=== Task item ===
Required from the data below: the exact lines starting at the line containing "Wszystko co dobre" and ending at the line containing "여성 봄 스카시 펀칭 반팔 니트 가디건", with both ends kept and all pictures dropped.

(Data excerpts)

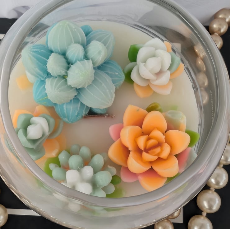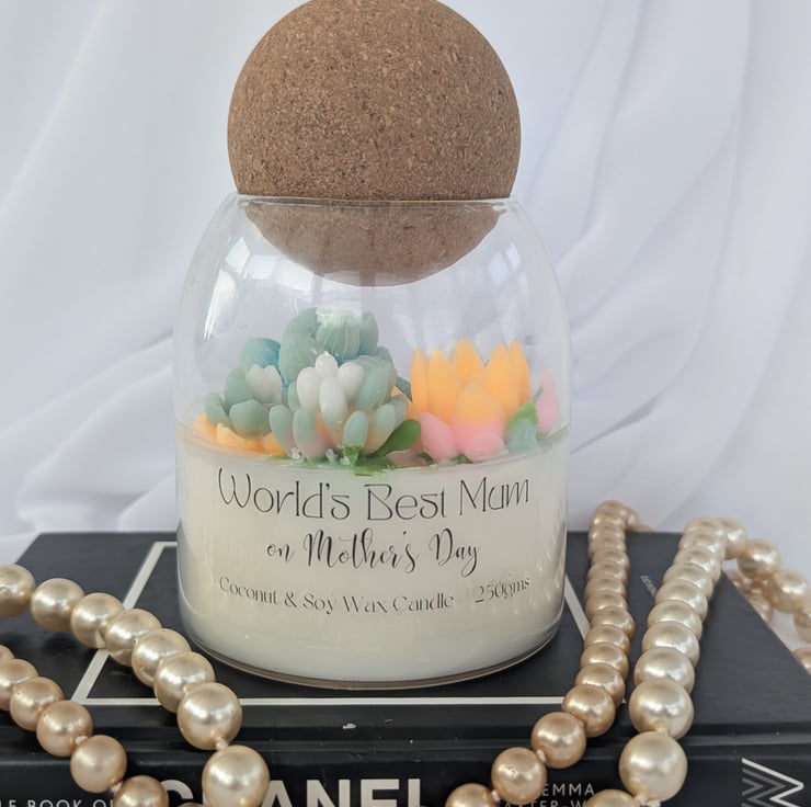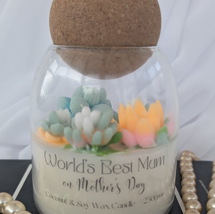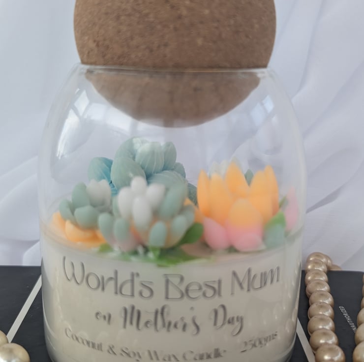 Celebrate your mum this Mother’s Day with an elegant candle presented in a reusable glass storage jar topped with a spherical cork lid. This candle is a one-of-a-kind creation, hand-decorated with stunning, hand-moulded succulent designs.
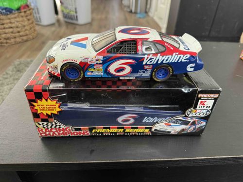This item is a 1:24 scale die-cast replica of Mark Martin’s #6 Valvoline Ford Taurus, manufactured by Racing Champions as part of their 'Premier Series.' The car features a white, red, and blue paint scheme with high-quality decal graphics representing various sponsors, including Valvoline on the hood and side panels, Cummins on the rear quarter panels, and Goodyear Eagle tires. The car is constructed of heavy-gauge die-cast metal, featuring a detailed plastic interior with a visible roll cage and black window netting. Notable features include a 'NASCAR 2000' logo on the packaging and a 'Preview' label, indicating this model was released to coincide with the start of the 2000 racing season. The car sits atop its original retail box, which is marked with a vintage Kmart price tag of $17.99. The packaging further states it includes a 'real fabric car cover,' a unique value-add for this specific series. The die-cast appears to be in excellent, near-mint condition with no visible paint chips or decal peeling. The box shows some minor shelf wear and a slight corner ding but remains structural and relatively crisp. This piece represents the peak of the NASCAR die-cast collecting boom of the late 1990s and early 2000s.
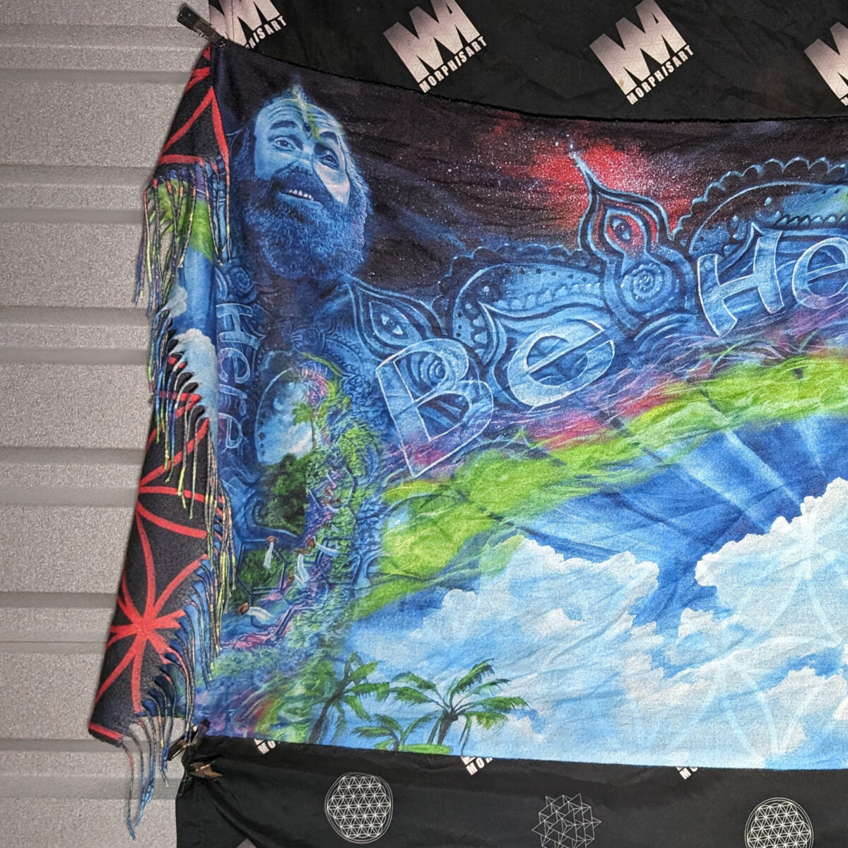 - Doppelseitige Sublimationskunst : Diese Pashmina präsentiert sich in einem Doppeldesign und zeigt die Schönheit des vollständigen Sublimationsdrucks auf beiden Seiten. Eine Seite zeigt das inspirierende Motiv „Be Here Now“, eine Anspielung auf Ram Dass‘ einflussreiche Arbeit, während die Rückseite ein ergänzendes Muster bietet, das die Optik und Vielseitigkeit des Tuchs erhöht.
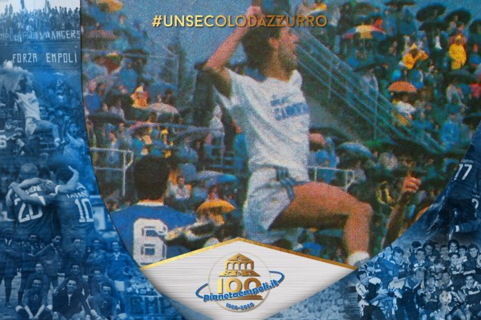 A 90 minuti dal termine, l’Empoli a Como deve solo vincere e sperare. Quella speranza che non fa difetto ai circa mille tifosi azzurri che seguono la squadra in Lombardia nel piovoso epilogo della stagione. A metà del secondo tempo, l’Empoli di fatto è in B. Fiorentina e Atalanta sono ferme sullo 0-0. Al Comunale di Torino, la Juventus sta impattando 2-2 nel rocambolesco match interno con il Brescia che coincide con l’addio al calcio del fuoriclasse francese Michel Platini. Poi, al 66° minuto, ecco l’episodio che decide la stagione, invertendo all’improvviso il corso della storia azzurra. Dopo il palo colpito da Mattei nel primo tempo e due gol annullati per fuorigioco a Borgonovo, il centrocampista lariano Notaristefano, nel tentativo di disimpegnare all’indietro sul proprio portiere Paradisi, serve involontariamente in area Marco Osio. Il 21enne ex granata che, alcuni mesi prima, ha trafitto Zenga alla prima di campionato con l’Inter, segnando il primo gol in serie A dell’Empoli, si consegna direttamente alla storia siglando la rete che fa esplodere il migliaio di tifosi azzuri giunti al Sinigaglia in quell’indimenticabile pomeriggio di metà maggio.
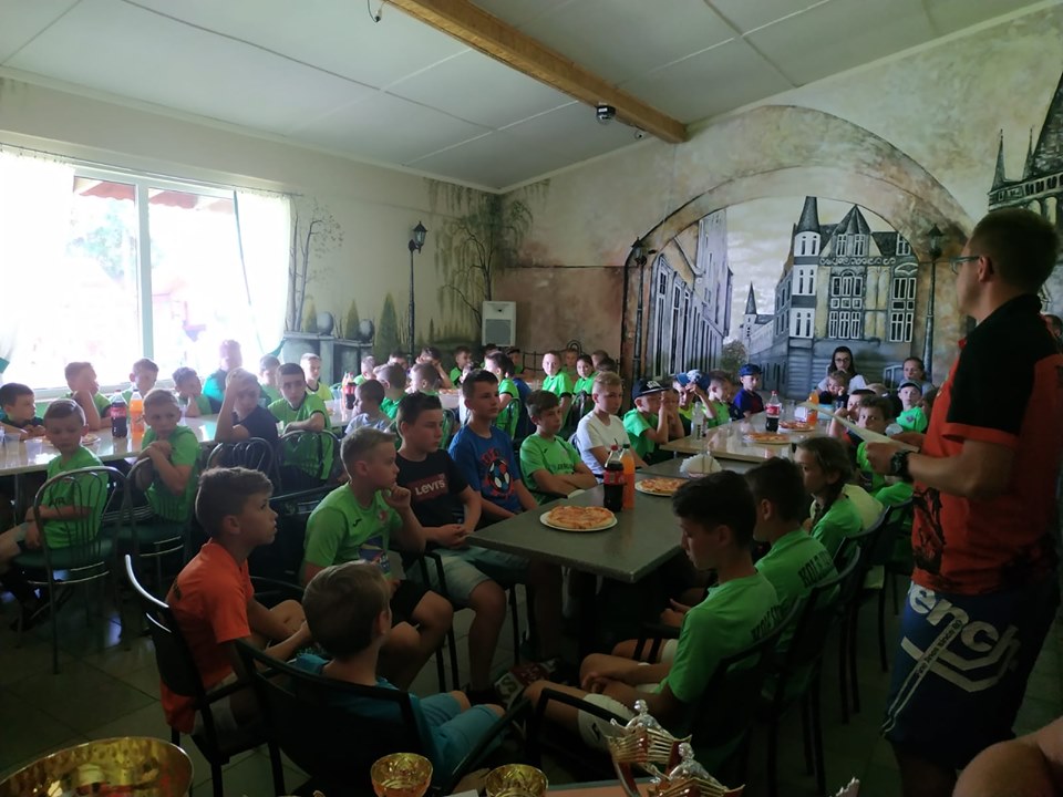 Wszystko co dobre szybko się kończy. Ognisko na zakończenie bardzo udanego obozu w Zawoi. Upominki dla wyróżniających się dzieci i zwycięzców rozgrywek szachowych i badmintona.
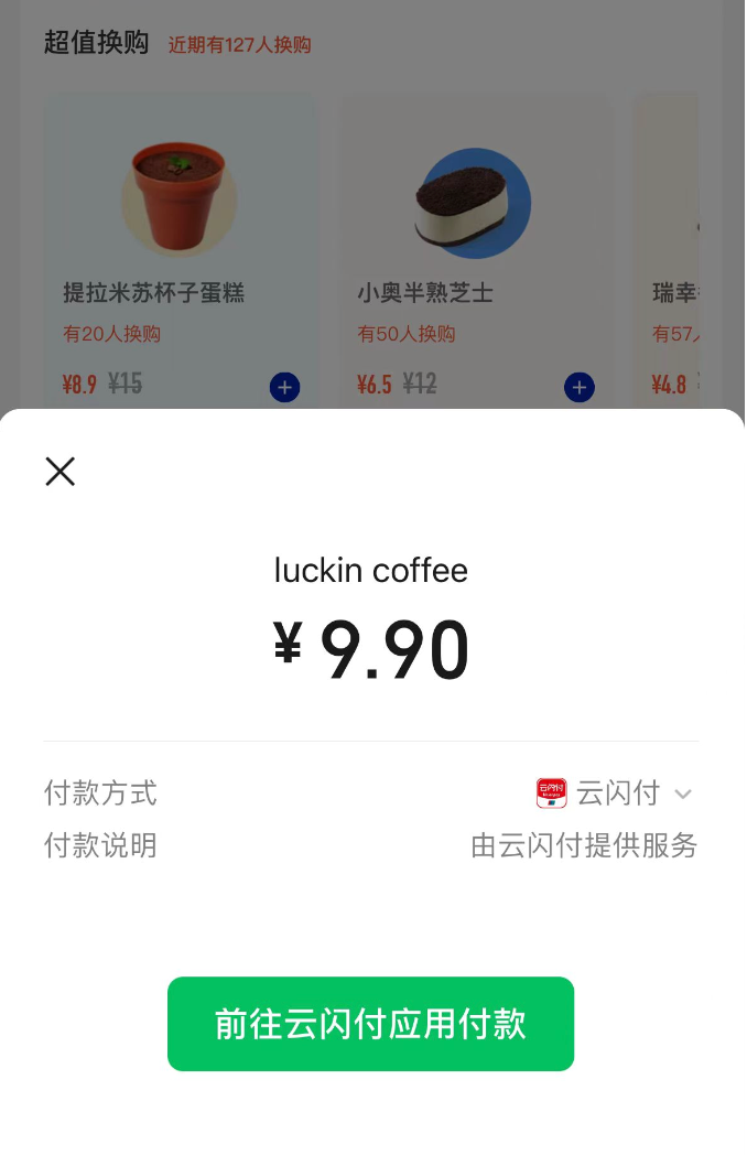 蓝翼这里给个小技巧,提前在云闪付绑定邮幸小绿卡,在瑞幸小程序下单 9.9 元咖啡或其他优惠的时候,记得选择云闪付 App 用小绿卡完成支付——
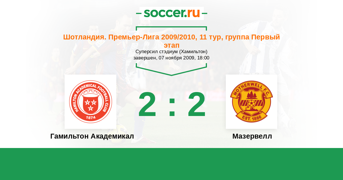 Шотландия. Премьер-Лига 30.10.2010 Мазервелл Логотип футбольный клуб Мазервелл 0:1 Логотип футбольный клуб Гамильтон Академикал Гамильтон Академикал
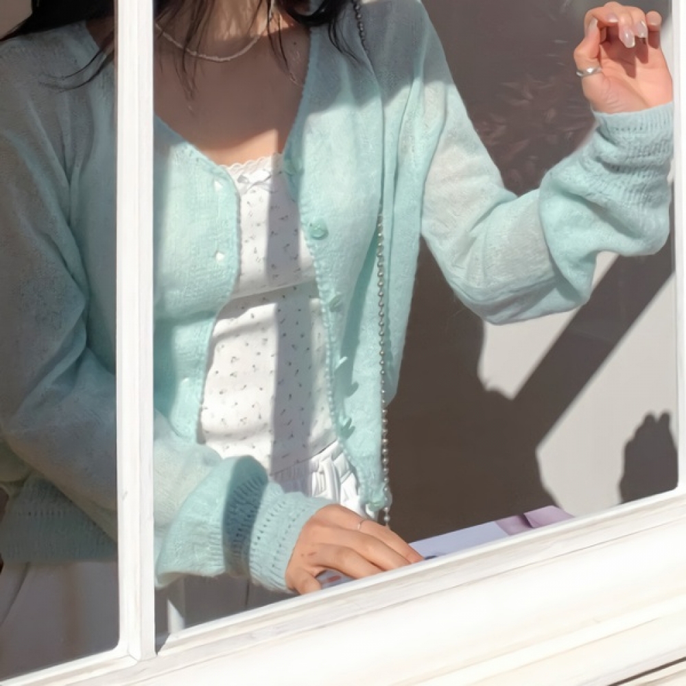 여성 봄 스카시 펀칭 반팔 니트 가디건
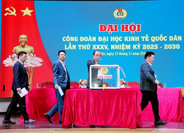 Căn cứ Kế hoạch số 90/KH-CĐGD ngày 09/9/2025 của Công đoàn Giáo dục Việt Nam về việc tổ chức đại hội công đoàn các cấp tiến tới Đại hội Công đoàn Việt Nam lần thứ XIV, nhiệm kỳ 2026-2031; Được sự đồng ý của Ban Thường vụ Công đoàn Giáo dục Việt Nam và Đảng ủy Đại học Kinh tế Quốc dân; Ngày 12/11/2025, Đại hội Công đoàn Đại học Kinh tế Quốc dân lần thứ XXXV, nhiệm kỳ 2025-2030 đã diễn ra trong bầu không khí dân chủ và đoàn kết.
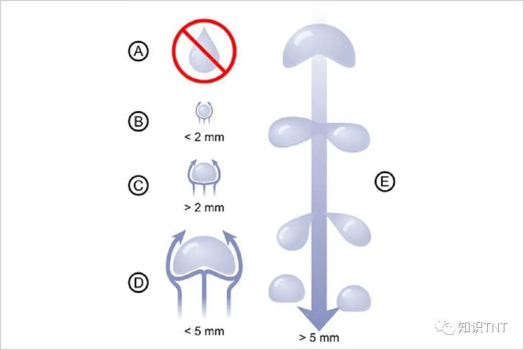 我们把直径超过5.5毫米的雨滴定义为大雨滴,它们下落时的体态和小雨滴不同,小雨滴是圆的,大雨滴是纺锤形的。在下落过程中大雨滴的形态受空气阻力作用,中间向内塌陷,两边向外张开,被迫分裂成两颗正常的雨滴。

(End Data excerpts)

=== Your solution ===
 Wszystko co dobre szybko się kończy. Ognisko na zakończenie bardzo udanego obozu w Zawoi. Upominki dla wyróżniających się dzieci i zwycięzców rozgrywek szachowych i badmintona.
 蓝翼这里给个小技巧,提前在云闪付绑定邮幸小绿卡,在瑞幸小程序下单 9.9 元咖啡或其他优惠的时候,记得选择云闪付 App 用小绿卡完成支付——
 Шотландия. Премьер-Лига 30.10.2010 Мазервелл Логотип футбольный клуб Мазервелл 0:1 Логотип футбольный клуб Гамильтон Академикал Гамильтон Академикал
 여성 봄 스카시 펀칭 반팔 니트 가디건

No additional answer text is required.